For OOV retrieval, we proposed the continuous space word representation using neural networks. This continuous vector representation (word embeddings) is learned from large amounts of unstructured text data. To model semantic and lexical context of proper names, different strategies of local context modeling were proposed [34] , [33] . We studied OOV PN retrieval using temporal versus topic context modeling, different word representation spaces for word-level and document-level context modeling, and combinations of retrieval results [38] . We extended the previously proposed neural networks for word embedding models: the word vector representation proposed by Mikolov is enriched by an additional non-linear transformation.
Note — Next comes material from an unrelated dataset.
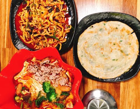 - 还点了个鱼香肉丝一大盘1万出头,手抓饼2000一个,都是地地道道的中国味,很多韩国人都来吃哦
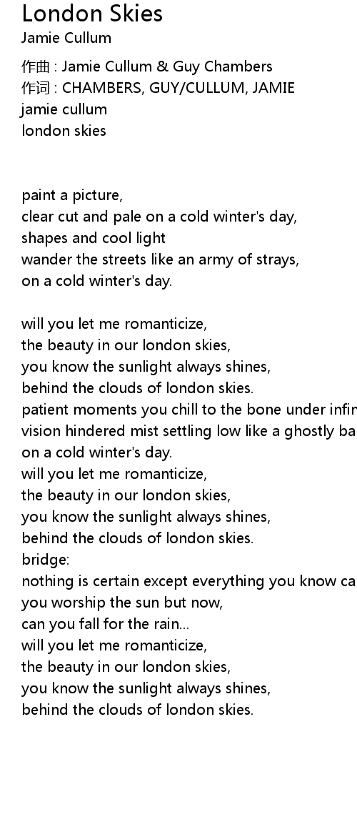 | behind the clouds of london skies. |

This model allows to better take into account lexical and semantic word relationships [39] .

Adding words in a language model

A novel approach was proposed to add some new words in an existing n-gram language model, based on a similarity measure between the new words to be added and words already present in the language model [47] . Based on a small set of sentences containing the new words and on a set of n-gram counts containing the known words (known for the current language model), we search for known words which have the most similar neighbor distribution (of the few preceding and few following neighbor words) to the new words. The similar words are determined through the computation of KL divergences on the distribution of neighbor words. The n-gram parameter values associated to the similar words are then used to define the n-gram parameter values of the new words.
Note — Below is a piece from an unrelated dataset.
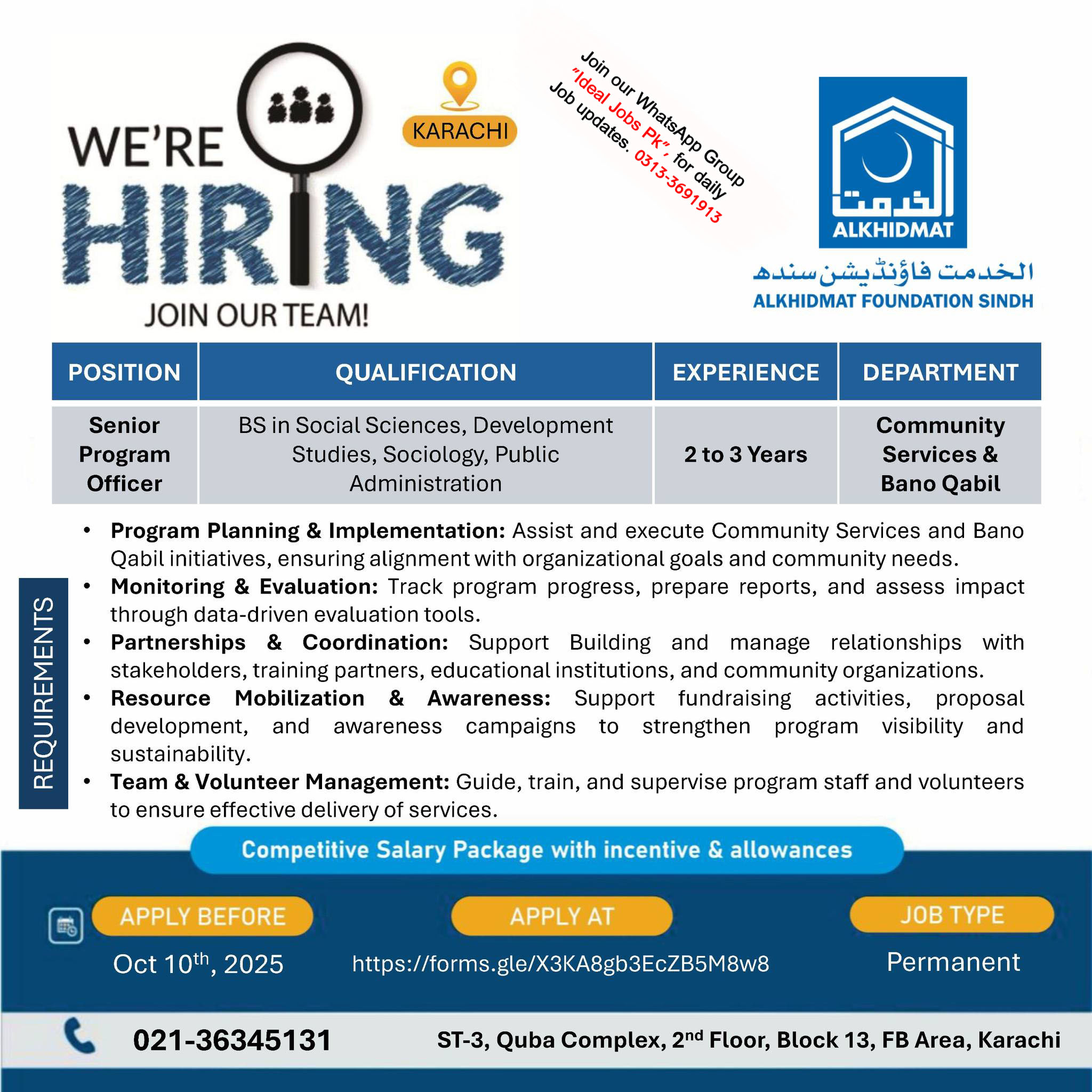 Alkhidmat Foundation New Jobs 2025. We hope you achieve your goals and land a well-paying job. We over at https://idealjobs.pk are working hard towards your better future, and we hope you will always support our platform.

Selecting data for training a language model

Large vocabulary language models for speech transcription are usually trained from large amounts of textual data collected from various sources, which are more or less related to the target task. Selecting data that matches the target task was investigated in this context [46] , this leads to a small reduction of the perplexity, and a smaller size of the resulting language model.

Music language modeling

Similarly to speech, music involves several levels of information, from the acoustic signal up to cognitive quantities such as composer style or key, through mid-level quantities such as a musical score or a sequence of chords. The dependencies between mid-level and lower- or higher-level information can be represented through acoustic models and language models, respectively. We pursued our pioneering work on music language modeling, with a particular focus on the modeling of long-term structure [12] . We also assessed the applicability of our prior work on joint modeling of note and chord sequences to new corpora of improvised jazz music, with the difficulty that these corpora are very small.
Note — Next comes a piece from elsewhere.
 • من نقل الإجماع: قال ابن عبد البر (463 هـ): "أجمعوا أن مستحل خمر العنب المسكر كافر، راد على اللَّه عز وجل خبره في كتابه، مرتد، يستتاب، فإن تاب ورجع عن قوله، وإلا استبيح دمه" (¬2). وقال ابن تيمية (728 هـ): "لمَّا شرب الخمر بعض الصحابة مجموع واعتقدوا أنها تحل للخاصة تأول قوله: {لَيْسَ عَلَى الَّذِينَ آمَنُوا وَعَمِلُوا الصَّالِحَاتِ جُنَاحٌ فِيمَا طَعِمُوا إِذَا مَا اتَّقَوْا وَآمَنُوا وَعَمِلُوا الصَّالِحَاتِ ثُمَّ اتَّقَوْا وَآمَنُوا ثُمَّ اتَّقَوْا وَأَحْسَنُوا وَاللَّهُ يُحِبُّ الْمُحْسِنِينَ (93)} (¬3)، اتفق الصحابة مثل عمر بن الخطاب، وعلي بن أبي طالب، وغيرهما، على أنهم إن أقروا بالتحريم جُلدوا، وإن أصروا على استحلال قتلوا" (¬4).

Speech generation by statistical methods

Pathological voice transformation

With respect to pathological voice processing, a competing approach to signal processing techniques consists in recognizing the pathological voice in order to transform it in a text version that can be re-synthesized. Such an approach is currently being experimented, and preliminary results are quite encouraging [15] .

HMM-based synthesis

This year, we started working on HMM-based synthesis in the framework of a CMCU PHC project with ENIT (Engineer school at Tunis-Tunisia; cf. ). Two topics will be explored by two PhD students. The first topic deals with the building of an Arabic corpora along with the analysis of linguistic features which are relevant for the HMM-based synthesis of the Arabic language. The second topic deals with improving the quality of the HMM-based synthesis system. In parallel, we started applying the HTS system (HMM-based Speech Synthesis System) to the French language.